Jenny reveals that she sent for Laoghaire and tells Claire a few home truths. She’s puzzled as to why Claire has suddenly returned but never once informed the family, with whom she wishes to be reunited, about what happened to her. Jenny precisely observes of Claire’s attitude, “what, did you think we were all frozen in time waiting for you to return?” Claire can only excuse her inaction by the fact that she took another husband after she fled to the Colonies and spent her efforts trying “to make that marriage work.” She came to Scotland after his death to seek out Jamie’s grave only to find him alive. Jenny is canny enough to see some of the truth in this but detects certain matters are being withheld. Her relationship with Claire remains in disrepair.

Jamie attempts a reconciliation while indicating to Claire that they “canna take back those 20 years. Or the life we’ve lived.” She admits that she expected he would be a different person but she does remind him that he promised to tell the truth and “we could have secrets but not lies”. However, before he can persuade her not to leave, Laoghaire returns and, in the heat of the moment, accidentally shoots Jamie in the shoulder. Claire leaps in and undertakes a minor operation to remove the pellets from Laoghaire’s attempt to “make a nice Swiss cheese of” Jamie’s arm. Recovering, Jamie takes an opportunity to explain his relationship with Laoghaire after his return from Helwater. “I was a ghost” he explains of the loneliness he felt and tells her it was his first Hogmanay at Lallybroch when he emerged from his isolation and joined the land of the living again.

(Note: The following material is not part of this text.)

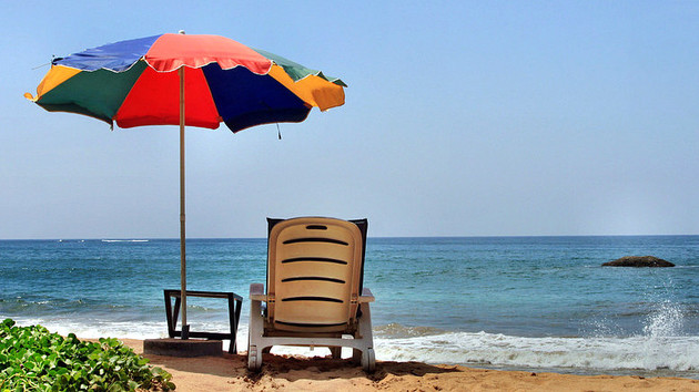 zusammen mit der Liege, dem Schirm und dem weiten Meer.

There he met Laoghaire and, in the flashback to that evening, we get to sympathise with her. She has had a hard life, “twice widowed and two bairns aching for a father”, and, like Jamie, is trying to find joy and tenderness after a fight for survival. Encouraged by Jenny, Jamie saw the match as a way of sublimating for the loss of caring for Willie or Brianna and, even though he grew very fond of Laoghaire’s daughters Marsali (Lauren Lyle) and Joan, his relationship with his wife deteriorated, her capacity for tenderness and receiving Jamie’s touch hindered by the cruelty of her former husbands perhaps, and they separated.

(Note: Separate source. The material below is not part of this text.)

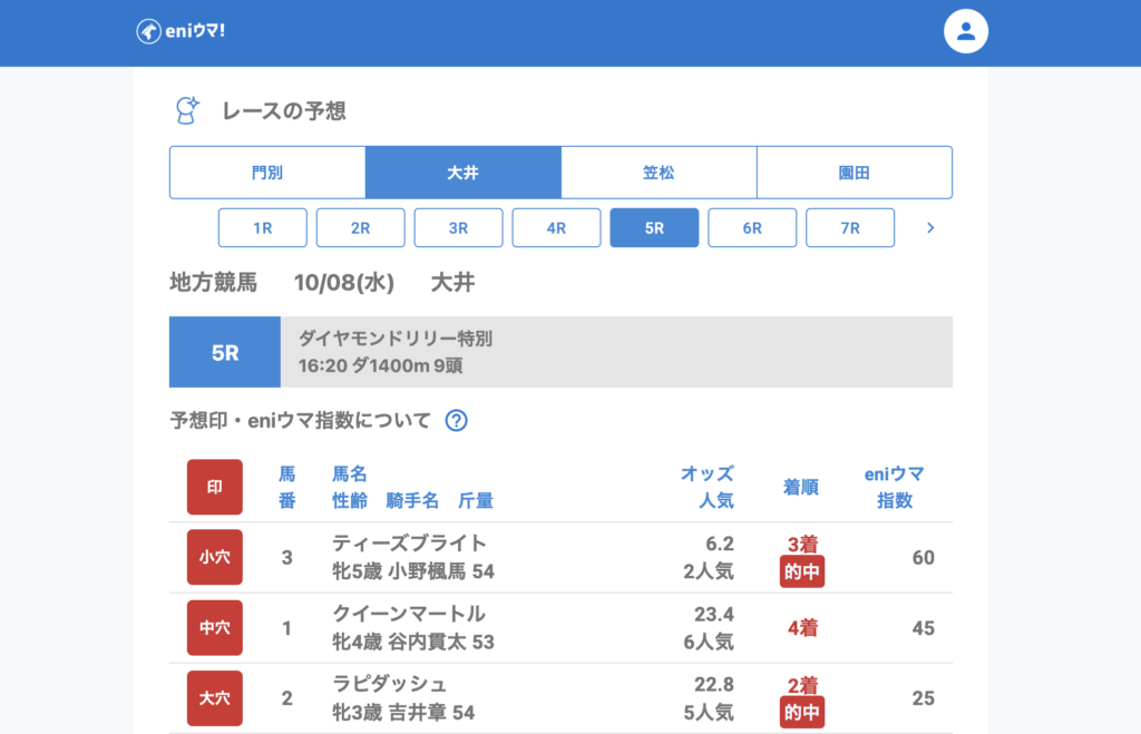 大井は1Rのホウライショウ(30.7倍/eniウマ!指数53)が2着と好スタート。

Tentatively, bridges are built again between Claire, Jamie and Jenny. Jenny still feels Claire will never tell her the whole story but Claire reassures her that she loves Jamie deeply and that she “never forgot him. Or any of you.” It’s a gorgeously played scene, culminating with Jenny’s heartfelt view that Claire was as a sister to her. Claire simply asks for a second chance to be that person again. Meanwhile, Ned Gowan, the legal adviser to Clan MacKenzie, returns to negotiate the tricky situation with the two Mrs. Frasers. Jamie rejects punishing Laoghaire with a court summons for possessing a firearm and possible transportation to the Colonies, for the sake of her daughters. She is “amenable to alimony” according to Ned and, to pay the outrageous sum she demands, Jamie decides to recover the hidden treasure on Silkie Island, trade it for sterling in France and fulfill his obligation.

The upshot to this more confident episode, only marred by the two main characters insisting on baring their souls umpteen times, is that, because Jamie’s in no fit state to swim across to the island, it’s young Ian who volunteers for the duty. Jamie also agrees to take Ian to France with him, promising to take better care of him this time. “You can trust us,” Jamie reassures Jenny. You can see what’s coming, can’t you.

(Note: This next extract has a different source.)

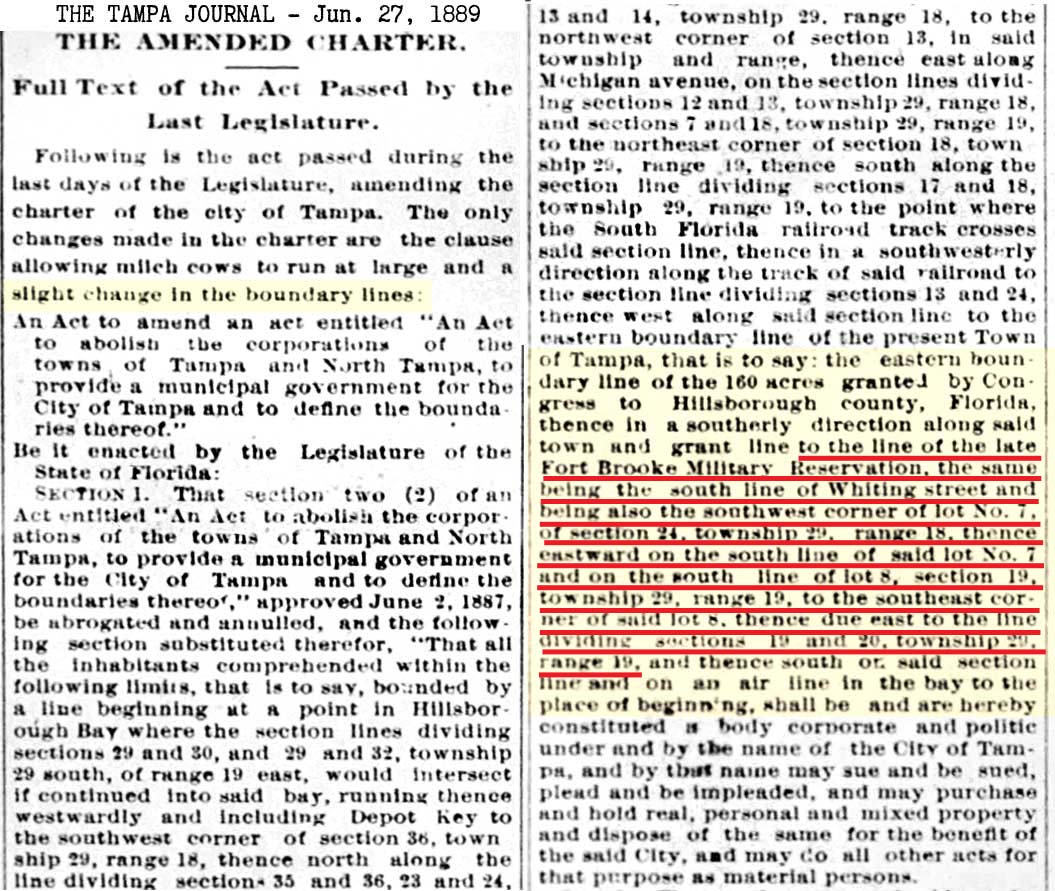THE HACKLEYS REENTER THE DISPUTE Below from: Lewis, Jeffrey (1982) "How Tampa Lost the Fort Brooke Military Reservation" USF Library Digital Collections Ex Libris 5, Summer 1982. Two more important claimants emerged to compound the confusion. In September 1887, the heirs of Robert J. Hackley, the settler thrown off the site by Col. Brooke 63 years before, claimed the right of preemption and purchase. They argued that Hackley was guaranteed this right by an act of Congress in 1826, and upon his death it was transferred to them. THE AMENDED CHARTER CHANGES TAMPA'S INCORPORATE LIMITS, BUT DID IT REALLY CHANGE RIGHTS TO FORT BROOKE LAND? Jeffrey Lewis, in "How Tampa Lost the Fort Brooke Military Reservation, states that in 1889 an act of the State Legislature created the new City of Tampa and extended its incorporate limits to cover the reservation. On this basis the city maintained that it was entitled to the lands for use as a public park. Below, the amended charter passed on June 5, 1889, was presented in the Tampa Journal of Jun. 27th. The article states that there was only "a slight change in the boundary lines."

While Jamie and Claire continue to rake through the embers of their troubled reunion, Ian’s reckless swim to the island is rewarded, not by being “carried away to the New World” with the treacherous currents but rather in accompanying the sailors from a ship that appears on the headland. Ian and the treasure go sailing away to goodness knows where as Jamie and Claire look on, utterly powerless. The Frasers are in trouble. Again.